Clinical characteristics of the offspring of parents with bipolar disorder and the offspring of control parents.

  OPBD (n=51)  OCP (n=56)  Total (n=107) 
Major depressive disorder  15 (29.4)  7 (12.5)  22 (20.6) 
Bipolar disorder  2 (3.9)  2 (1.9) 
Bipolar spectrum disorder  8 (15.7)  3 (5.4)  11 (10.3) 
Social anxiety disorder  14 (27.5)  13 (23.2)  27 (25.2) 
Social phobia  12 (23.5)  9 (16.1)  21 (19.6) 
Generalised anxiety disorder  6 (11.8)  7 (12.5)  13 (12.1) 
ADHD  11 (21.6)  16 (28.6)  27 (25.2) 
Oppositional defiant disorder  10 (19.6)  9 (16.1)  19 (17.8) 
Antisocial personality disorder  2 (3.9)  3 (5.4)  5 (4.7) 
Tobacco dependence  3 (5.9)  1 (1.8)  4 (3.7) 
Alcohol dependence  1 (2.0)  1 (0.9) 
Substance abuse/dependence  1 (2.0)  1 (0.9) 

ADHD: attention deficit hyperactivity disorder; OCP: offspring of control parents; OPBD: offspring of parents with bipolar disorder.

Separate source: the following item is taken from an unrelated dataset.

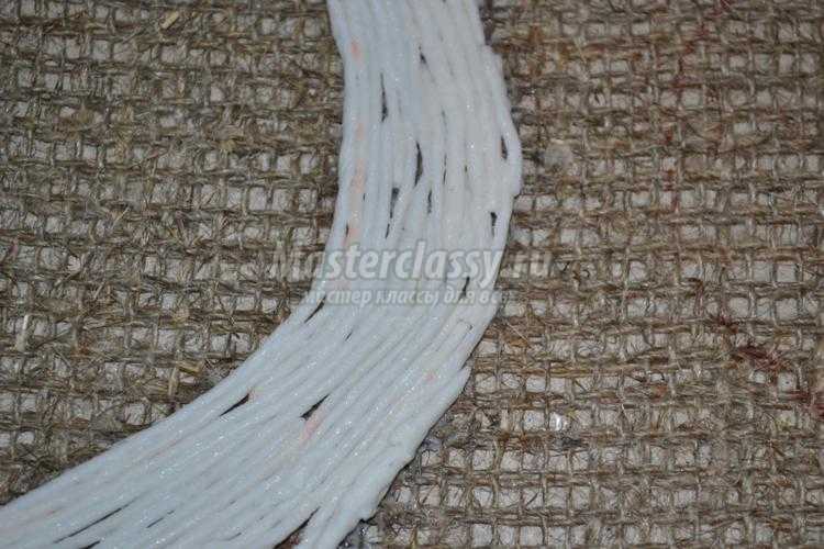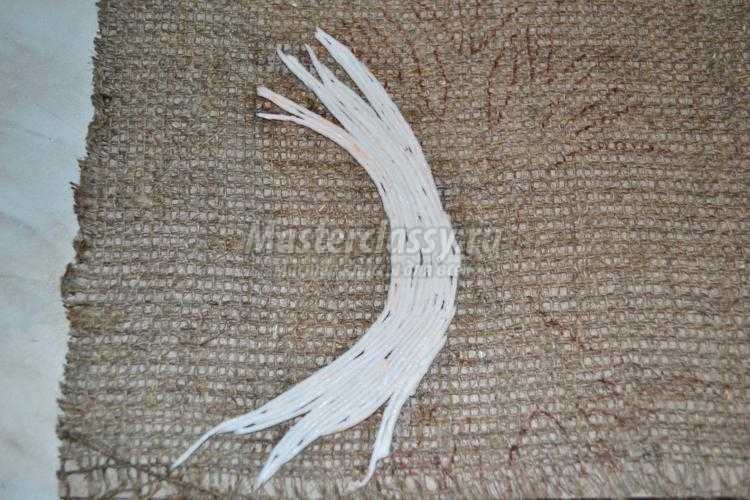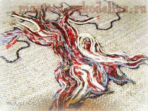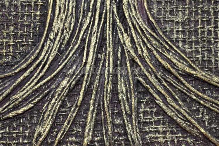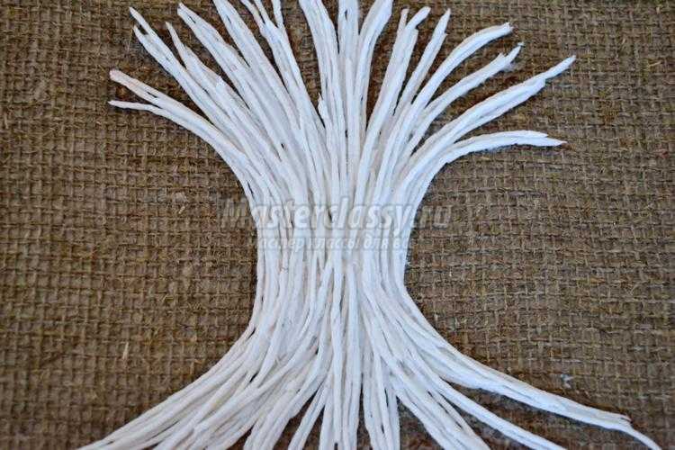 Теперь можно приступить к самой сложной и ответственной части работы – формированию ствола денежного дерева. С помощью клея ПВА, в достаточном количестве нанесенного на мешковину, нужно приклеить жгутики из салфеток (отрезки веревки или шнурка), стараясь не выходить за контуры рисунка. Между заготовками не должно быть расстояния. Для получения более интересного рисунка можно изгибать, скручивать и перекрещивать заготовки, стремясь к имитации коры настоящего дерева.

Values are expressed as n (%).

When the results were adjusted for the variables depression and ADHD, there were no results with significant effect sizes. Phonological verbal fluency-letter F, phonological verbal fluency-letter S (direct score), total F–A–S phonological fluency, recall and retrieval of a story and Wisconsin perseverative errors showed a difference with low effect size, but with a high degree of uncertainty (Table 3).

Table 3.

Cognitive performance of offspring of parents with bipolar disorder and offspring of control parents.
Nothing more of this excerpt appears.